BEGIN Provided information

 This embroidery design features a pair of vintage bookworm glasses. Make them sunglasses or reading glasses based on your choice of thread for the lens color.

END Provided information
BEGIN Provided information

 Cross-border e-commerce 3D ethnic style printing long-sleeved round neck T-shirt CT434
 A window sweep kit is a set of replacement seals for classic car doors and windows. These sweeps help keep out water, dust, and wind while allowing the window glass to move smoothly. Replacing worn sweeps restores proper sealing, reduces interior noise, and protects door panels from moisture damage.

END Provided information
BEGIN Provided information

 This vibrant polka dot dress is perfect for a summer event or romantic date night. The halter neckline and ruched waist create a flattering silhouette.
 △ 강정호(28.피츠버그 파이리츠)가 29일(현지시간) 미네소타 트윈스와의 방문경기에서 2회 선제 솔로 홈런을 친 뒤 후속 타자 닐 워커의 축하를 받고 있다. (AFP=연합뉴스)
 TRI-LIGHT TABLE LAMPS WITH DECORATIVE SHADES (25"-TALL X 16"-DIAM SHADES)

END Provided information

§ **What you should do**
Send back exactly the lines of the listing above starting at the one with "Cross-border e-commerce 3D" and ending at the one with "A window sweep", inclusive, and no others.

§ **Response to the task**
 Cross-border e-commerce 3D ethnic style printing long-sleeved round neck T-shirt CT434
 A window sweep kit is a set of replacement seals for classic car doors and windows. These sweeps help keep out water, dust, and wind while allowing the window glass to move smoothly. Replacing worn sweeps restores proper sealing, reduces interior noise, and protects door panels from moisture damage.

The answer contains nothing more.